O PRÍNCIPE COM ORELHAS DE BURRO
Certo rei vivendo muito desgostoso por não ter filhos embora fosse casado há
vários anos, pediu ao homem mais velho do reino:
- tu, que, por muito teres vivido, decerto muito sabes, dize-me o que devo fazer,
para que Nosso Senhor se compadeça de mim.
- Isso, majestade, é da competência das três irmãs, as fadas Bonita, Sabichona
e Sensata, que moram na floresta. Mandai, portanto, chamá-las – respondeu-
lhe ele.
E as três irmãs vieram e afirmaram ao rei:
- terás o filho que deseja, se consentires que assistamos ao seu batizado.

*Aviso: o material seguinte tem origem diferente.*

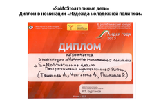 Команда школы приняла участив в республиканнском конкурсе "Лидер года- 2013" и быда удостаена дипломом в номинации "Надежда молодёжной политики"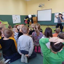 Na powitanie dzieci przygotowały piosenkę o numerze alarmowym 112, która bardzo spodobała się naszemu gościowi.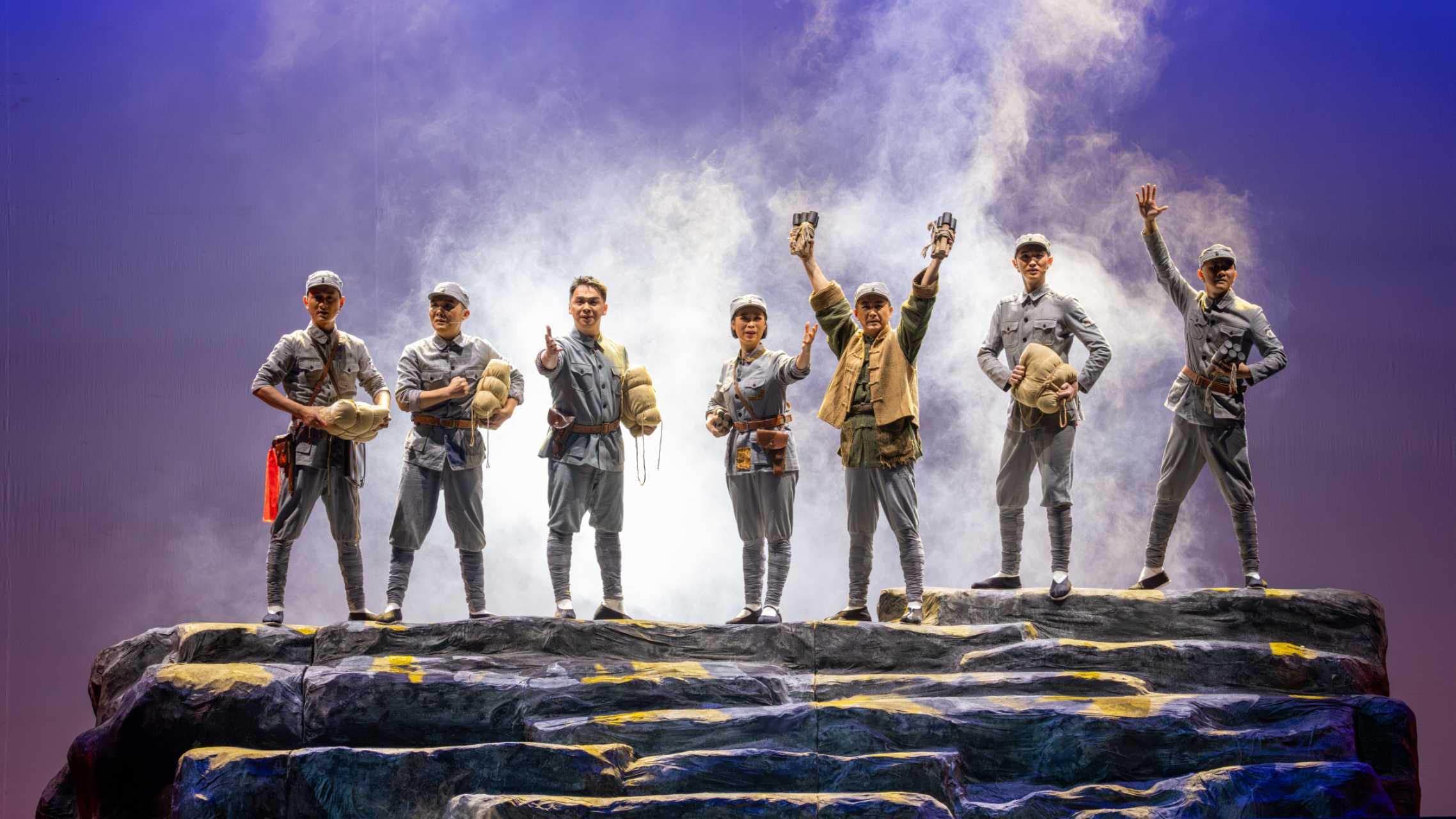 黄梅戏《太阳山上》改编自皖籍作家季宇的中篇小说《最后的电波》。故事发生在抗战时期,国民党军报务员李安本为避战乱逃回家乡,却被新四军“请”上太阳山。从为赚钱留在山上发送电报,到与新四军战士们共历生死,他被中国共产党人坚定的革命信念、必胜的抗日决心以及新四军战士们的铁血情怀深深打动,最终实现精神蜕变和成长。从自私怯懦转变为舍己为革命,实现精神蜕变和成长,深刻传递出中国人的革命精神与家国情怀。
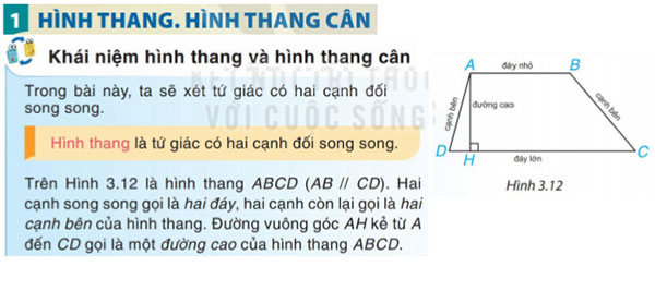 - Mô tả khái niệm hình thang, hình thang cân và các yếu tố của chúng.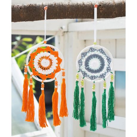 明るいカラーのクロシェットを組み合わせたドリームキャッチャーです。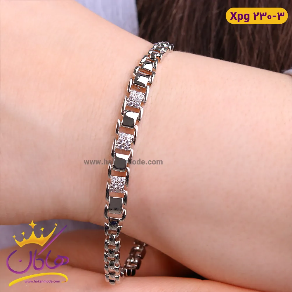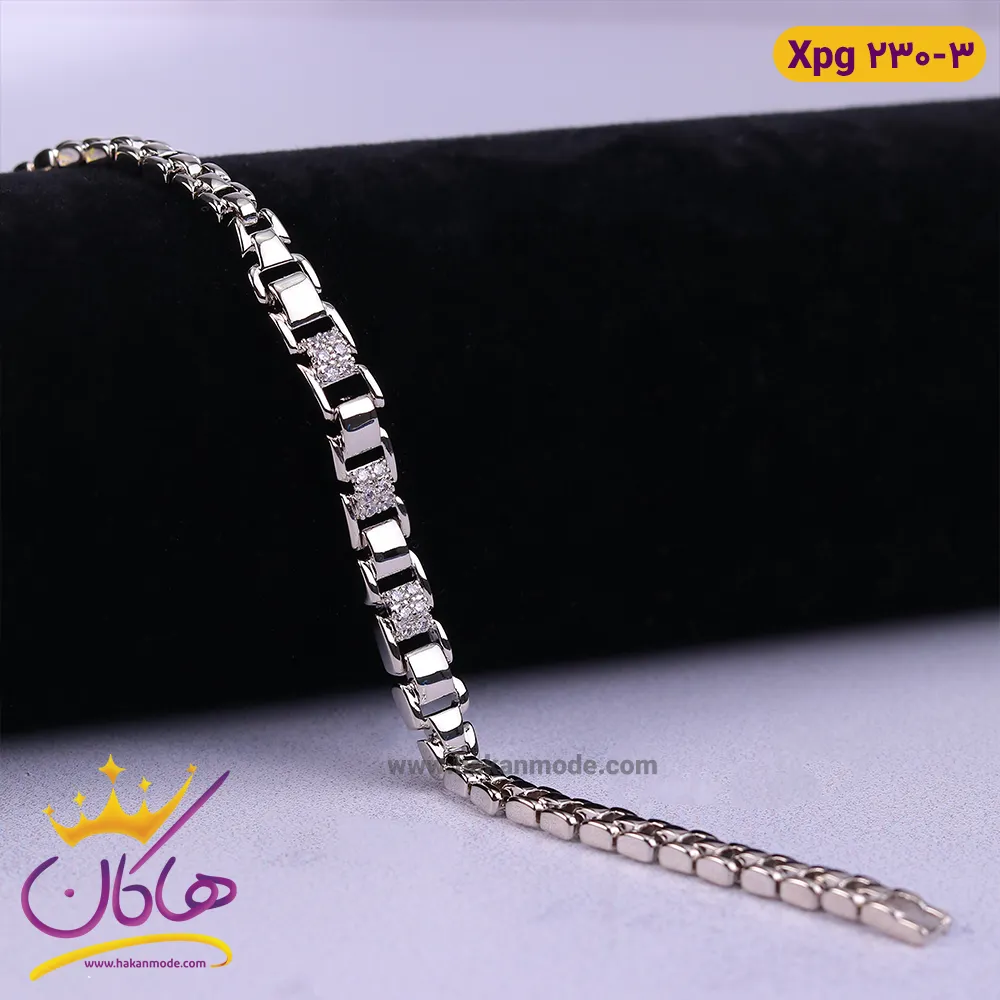دستبند استیل زنانه طرح مربعی ساده و نگین دار | کد xpg230/3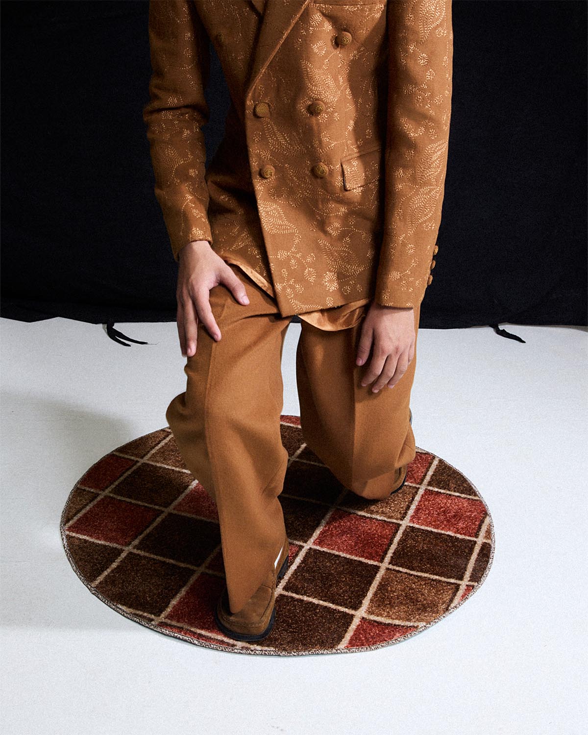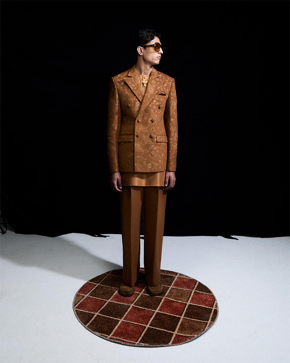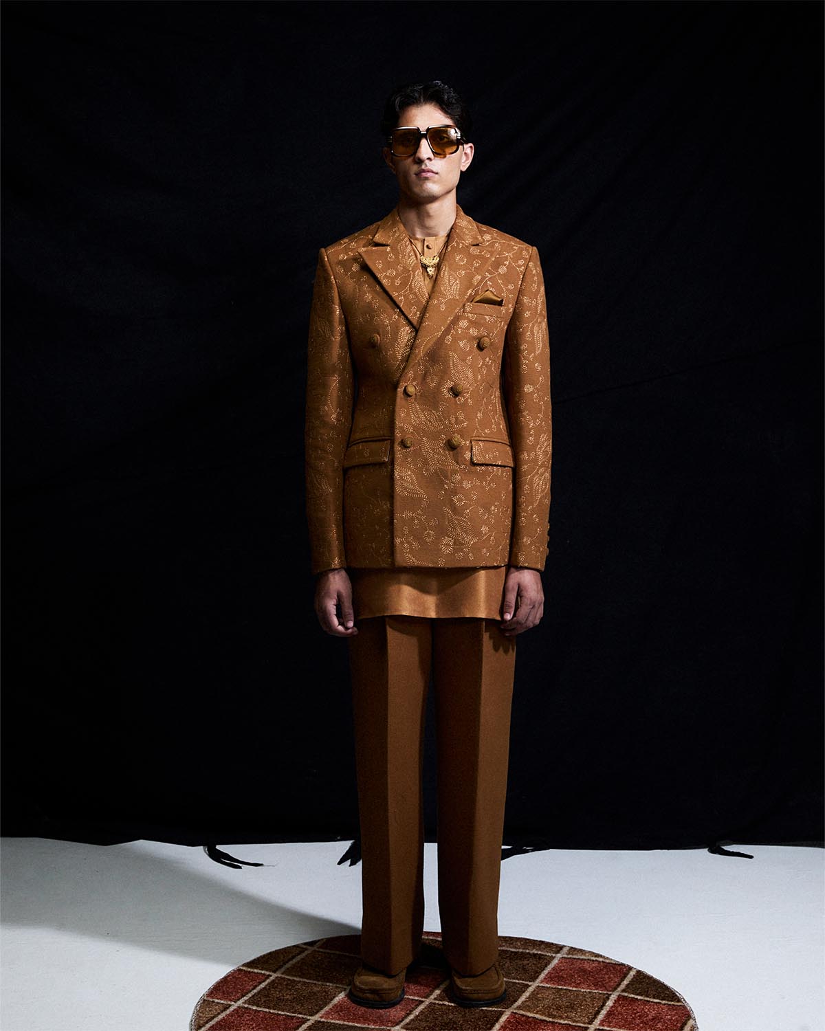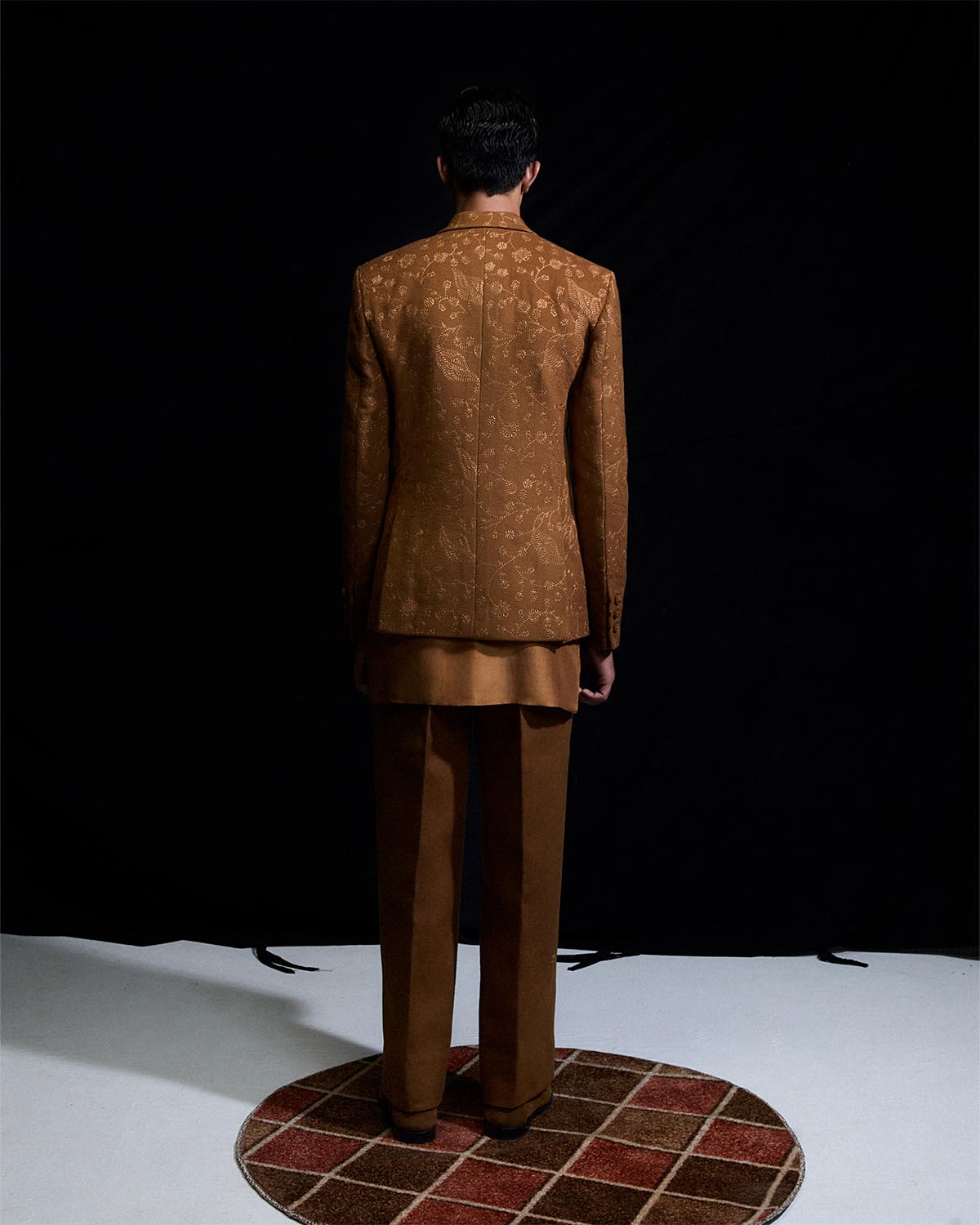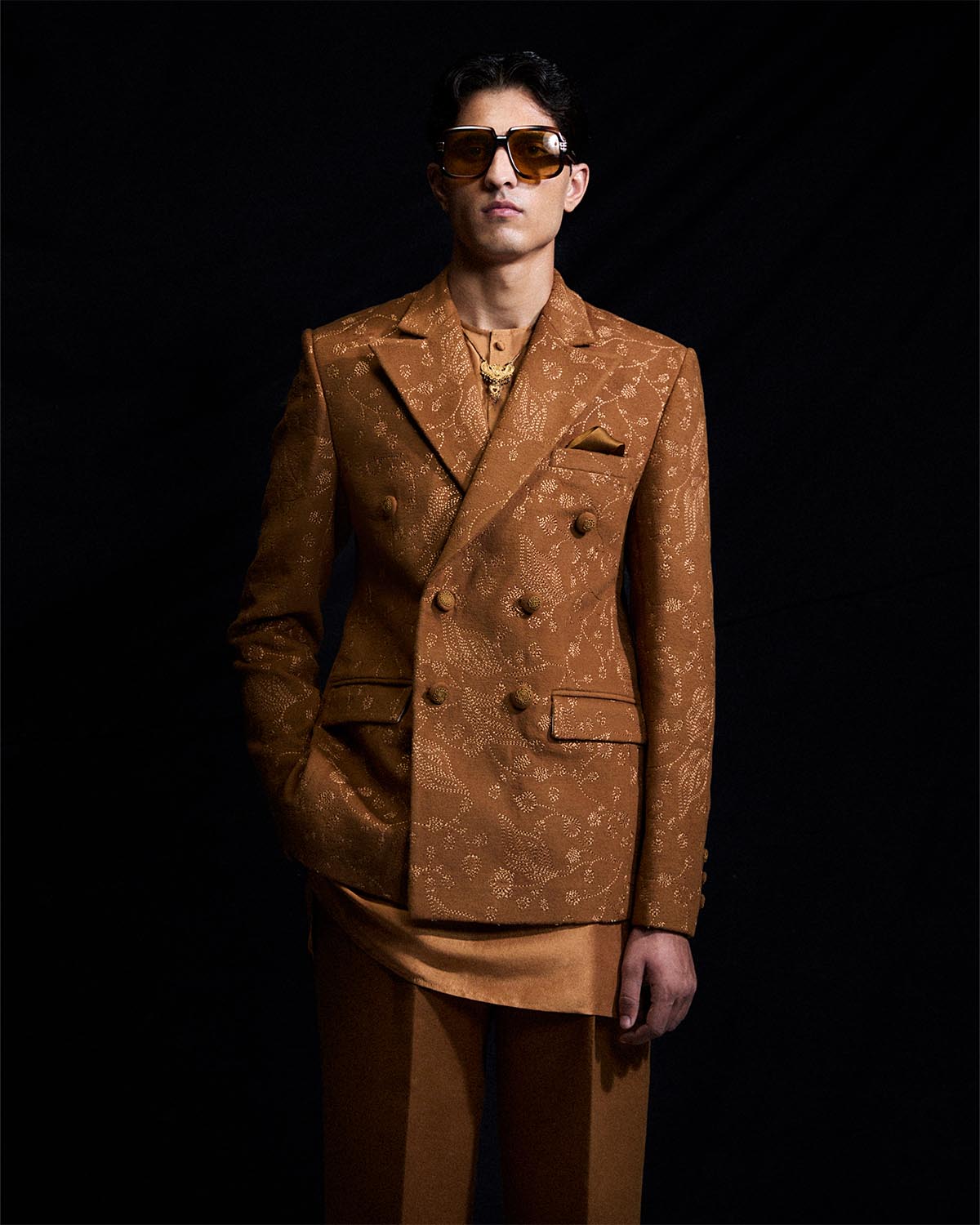 The honey brown three piece set comprises a double breasted wool coat , embellished with all over embroidery and finished with hand embroided buttons. It is layered over a pure silk kurta and paired with straight woolen trousers.

O rei acedeu imediatamente e, por isso, tempo decorrido e com regozijo de
todos, nascia o príncipe. No dia do batizado, conforme a combinação feita,
apresentaram-se as três fadas.
Primeiro a fada Bonita tomou o principezinho nos braços e tocando-o com a
sua varinha, determinou, em voz tão baixa que ninguém ouviu senão as irmãs.
- Eu te fado para que sejas o príncipe mais lindo do mundo.
Depois, a fada Sabichona, aproximou-se e disse de igual forma.
- Eu te fado, para que sejas o príncipe mais sábio do mundo.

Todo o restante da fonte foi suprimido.